═════ Input ═════
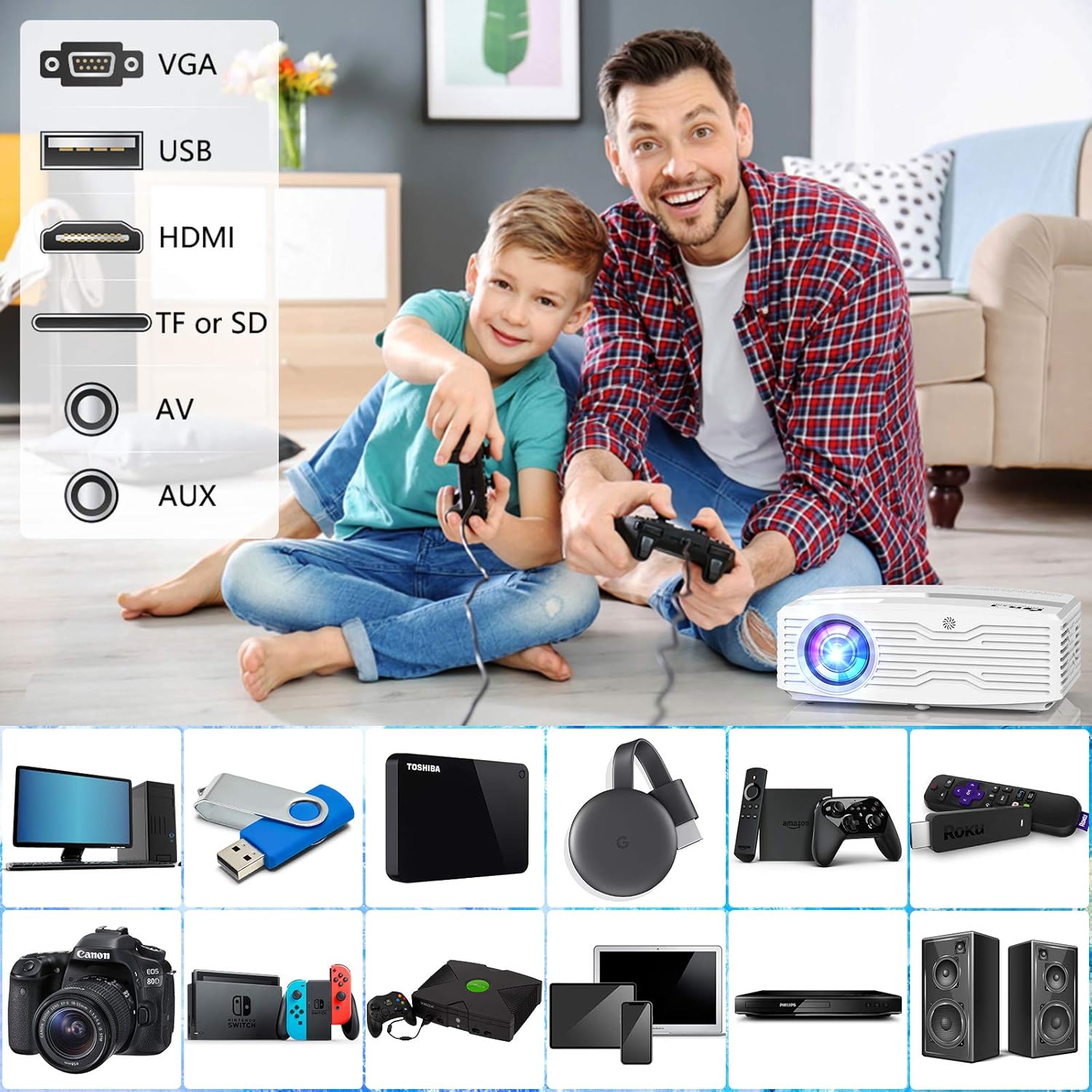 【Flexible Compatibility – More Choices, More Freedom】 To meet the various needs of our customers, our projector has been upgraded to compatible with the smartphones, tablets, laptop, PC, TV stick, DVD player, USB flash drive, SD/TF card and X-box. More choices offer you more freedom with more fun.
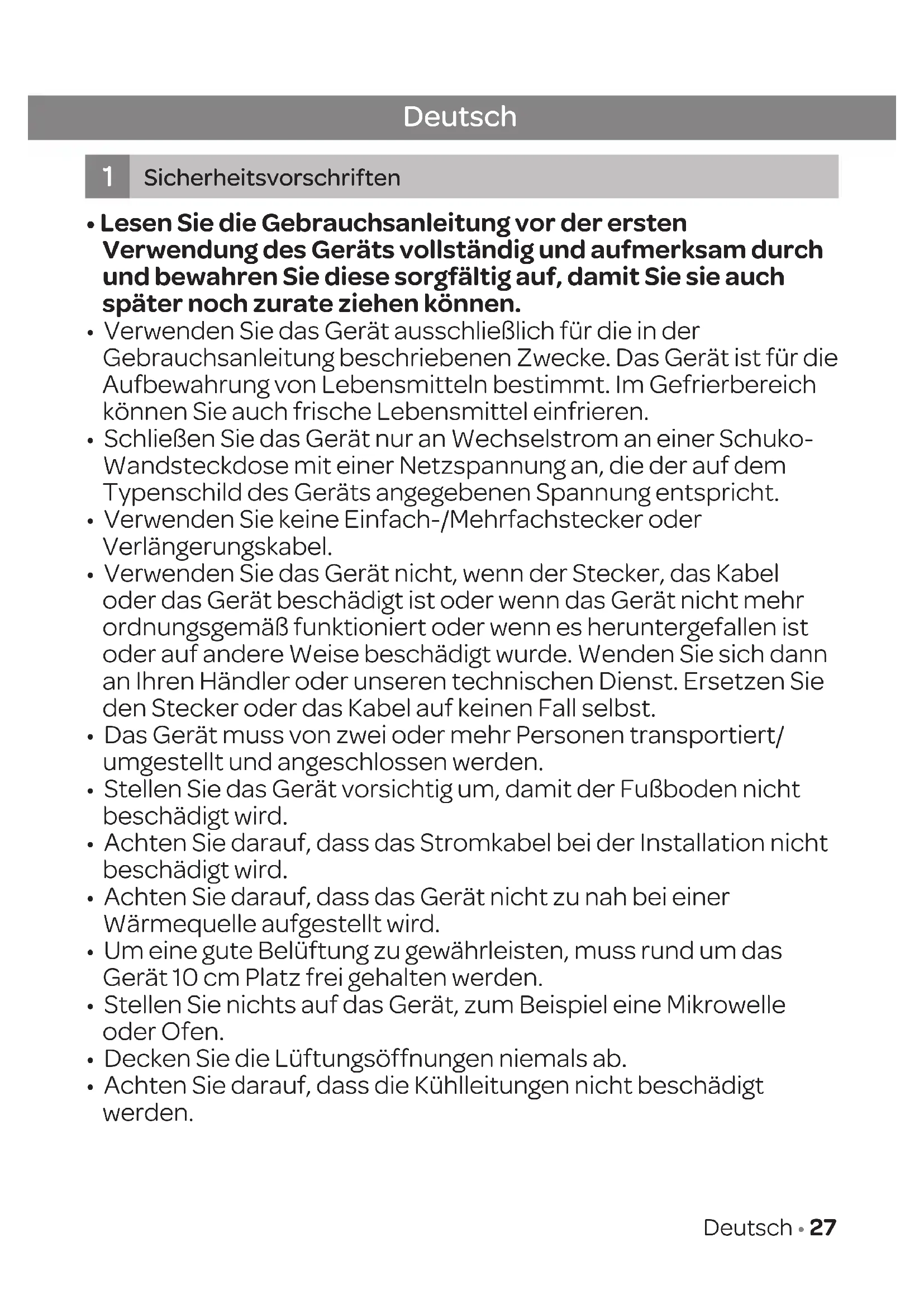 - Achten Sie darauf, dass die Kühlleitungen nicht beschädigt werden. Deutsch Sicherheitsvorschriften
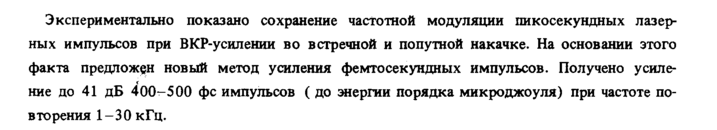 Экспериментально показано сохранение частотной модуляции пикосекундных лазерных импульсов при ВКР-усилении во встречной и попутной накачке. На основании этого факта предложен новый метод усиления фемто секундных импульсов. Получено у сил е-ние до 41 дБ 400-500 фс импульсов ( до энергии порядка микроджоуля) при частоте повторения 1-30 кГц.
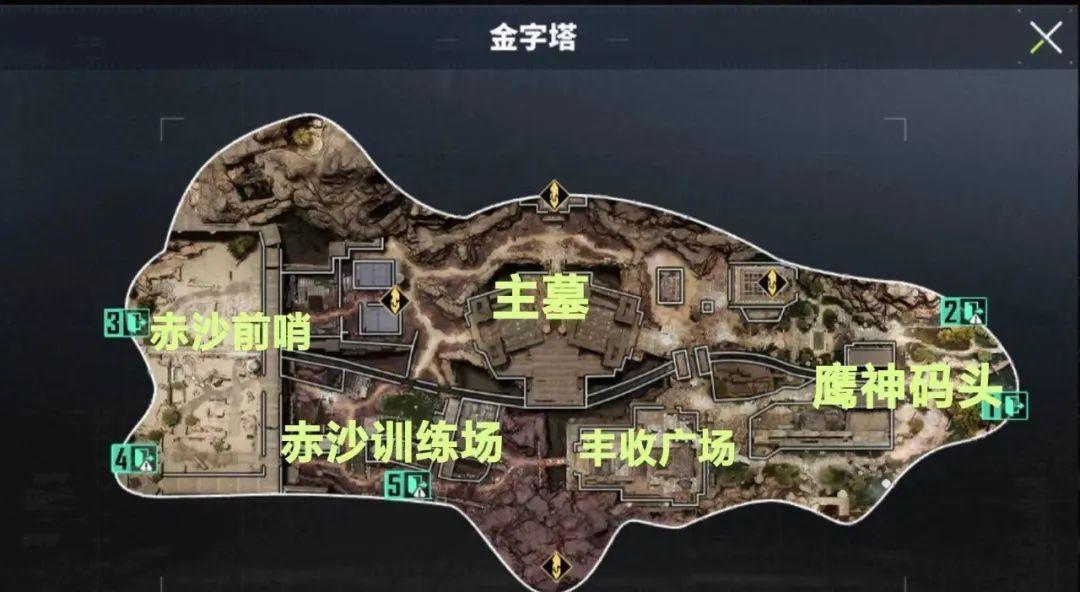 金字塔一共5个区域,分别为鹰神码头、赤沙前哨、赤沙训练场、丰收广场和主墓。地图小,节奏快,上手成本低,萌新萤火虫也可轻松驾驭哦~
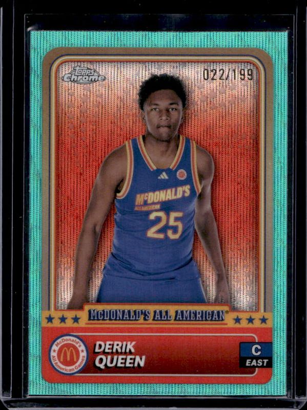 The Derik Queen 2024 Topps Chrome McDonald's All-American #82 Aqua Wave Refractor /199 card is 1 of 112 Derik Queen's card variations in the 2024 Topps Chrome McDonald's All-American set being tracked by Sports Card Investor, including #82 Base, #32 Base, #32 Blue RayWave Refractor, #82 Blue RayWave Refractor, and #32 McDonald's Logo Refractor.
═════
Extract word for word every line from the line that contains "Экспериментально показано сохранение" to the final line of the data, both included, and nothing else; skip the pictures.

Response.
 Экспериментально показано сохранение частотной модуляции пикосекундных лазерных импульсов при ВКР-усилении во встречной и попутной накачке. На основании этого факта предложен новый метод усиления фемто секундных импульсов. Получено у сил е-ние до 41 дБ 400-500 фс импульсов ( до энергии порядка микроджоуля) при частоте повторения 1-30 кГц.
 金字塔一共5个区域,分别为鹰神码头、赤沙前哨、赤沙训练场、丰收广场和主墓。地图小,节奏快,上手成本低,萌新萤火虫也可轻松驾驭哦~
 The Derik Queen 2024 Topps Chrome McDonald's All-American #82 Aqua Wave Refractor /199 card is 1 of 112 Derik Queen's card variations in the 2024 Topps Chrome McDonald's All-American set being tracked by Sports Card Investor, including #82 Base, #32 Base, #32 Blue RayWave Refractor, #82 Blue RayWave Refractor, and #32 McDonald's Logo Refractor.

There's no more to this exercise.